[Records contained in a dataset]
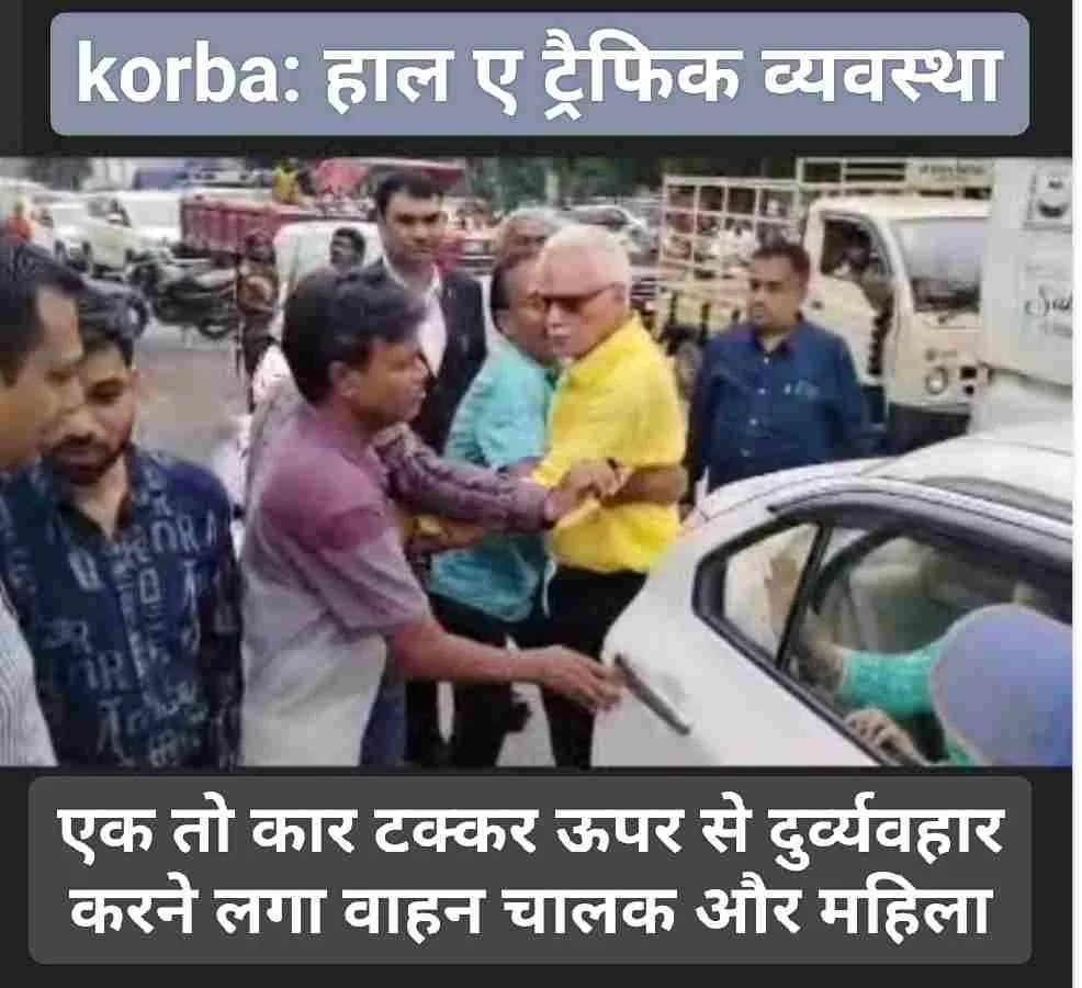 कोरबा। घंटाघर के पास पूर्व नगर निगम आयुक्त अशोक शर्मा अपनी कार से जा रहे थे। इस दौरान एक अन्य कार चालक ने लापरवाहीपूर्वक वाहन चलाते हुए उनकी कार को टक्कर मार दी। पूर्व आयुक्त शर्मा टक्कर मारने पर समझाइश देने नीचे उतरे तो कार में सवार परिवार ने उनसे बदतमीजी शुरू कर दी। पूर्व आयुक्त शर्मा ने गलती मानने के बजाए बदतमीजी करने पर क्रोधित होते हुए उन्हें जमकर फटकार लगाई। लोगों ने भी पहुंचकर लापरवाहीपूर्वक उनकी कार को टक्कर मारने वाले कार चालक व बदतमीजी कर रहे लोगों को उनकी गलती बताई।
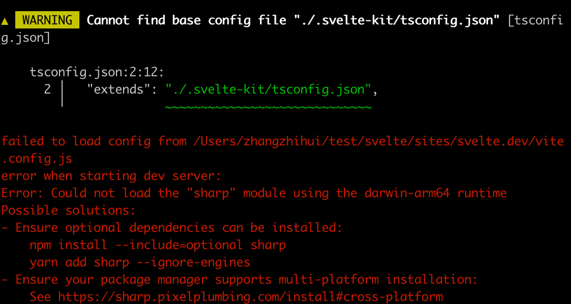 这是因为svelte.dev下缺少了一个.svelte-kit目录。
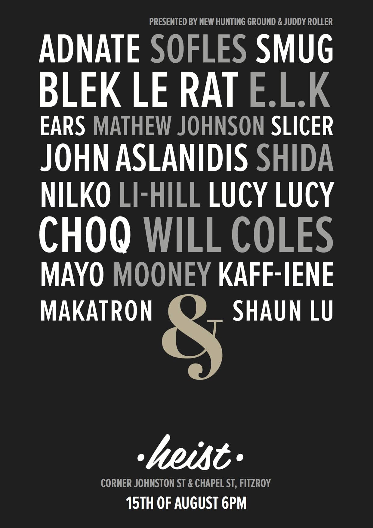 NEW HUNTING GROUND and JUDDY ROLLER Presents HEIST
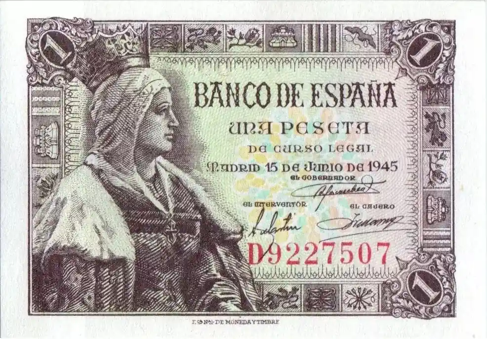 Billet Espagne 1 Peseta Isabelle la Catholique – 1945 Expédié Aujourd’hui
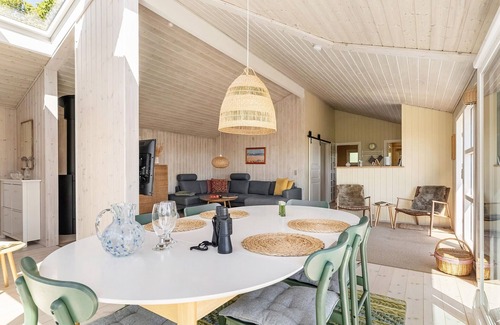 Just a few steps away from the child-friendly beach, you can enjoy pure relaxation in this holiday home. The house impresses with its cosy furnishings and well thought-out design. The open-plan living area invites you to linger with its comfortable sofas and wood-burning stove. Enjoy the panoramic view of the water through the large windows while you prepare your meals in the kitchen. The adjoining conservatory is a highlight of the house and offers you a sheltered spot with a view at any time of year.
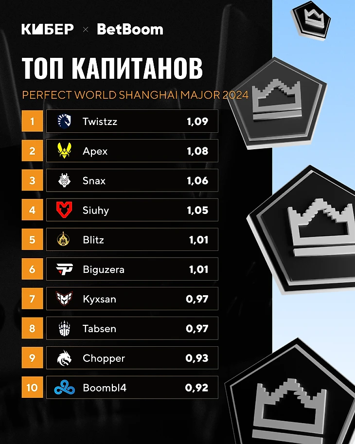 Примечание: снайперы-капитаны не учитываются в топе капитанов.
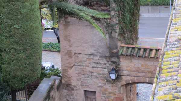 Travessant la porta que hi ha al tram de muralla nord —al carrer de Montevideo—, s’accedeix al camí conegut com a baixada del Monestir. Porta directament a la plaça del Monestir i constituïa, ja en origen, un dels accessos principals al recinte. Al final de la baixada i afrontat a aquesta porta, se situa l’altre accés torrejat del sector sud, al carrer del Bisbe Català.
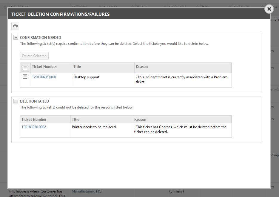 - If any tickets require additional confirmation or cannot be deleted before further action is taken, a second confirmation dialog will open.
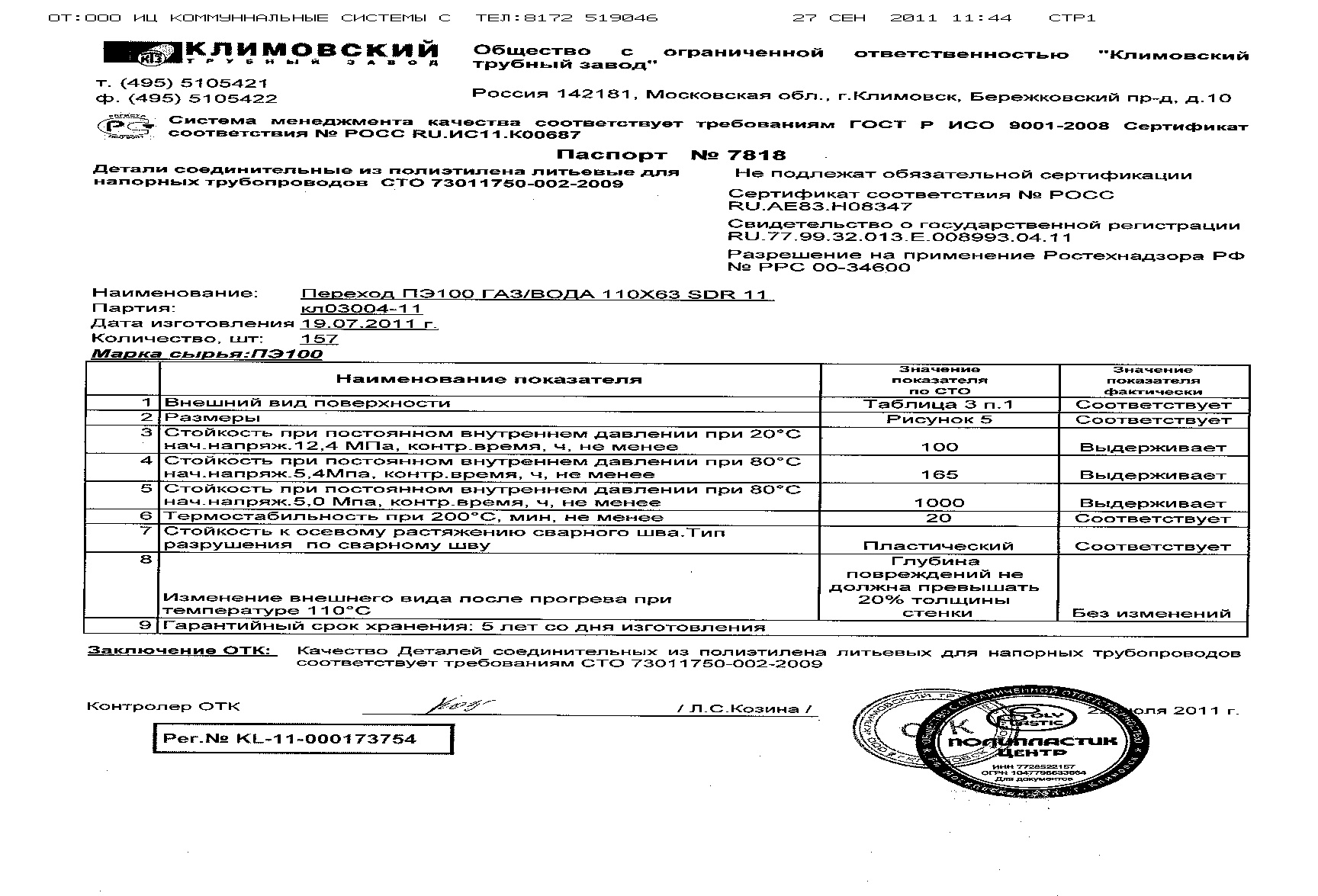 переход эл/св 110х063мм ПЭ100 SDR11 GF

Task details:
Repeat exactly the lines from the first line of the records above through the line containing "这是因为svelte.dev下缺少了一个.svelte-kit目录。", leaving out the pictures.

Response area:
 कोरबा। घंटाघर के पास पूर्व नगर निगम आयुक्त अशोक शर्मा अपनी कार से जा रहे थे। इस दौरान एक अन्य कार चालक ने लापरवाहीपूर्वक वाहन चलाते हुए उनकी कार को टक्कर मार दी। पूर्व आयुक्त शर्मा टक्कर मारने पर समझाइश देने नीचे उतरे तो कार में सवार परिवार ने उनसे बदतमीजी शुरू कर दी। पूर्व आयुक्त शर्मा ने गलती मानने के बजाए बदतमीजी करने पर क्रोधित होते हुए उन्हें जमकर फटकार लगाई। लोगों ने भी पहुंचकर लापरवाहीपूर्वक उनकी कार को टक्कर मारने वाले कार चालक व बदतमीजी कर रहे लोगों को उनकी गलती बताई।
 这是因为svelte.dev下缺少了一个.svelte-kit目录。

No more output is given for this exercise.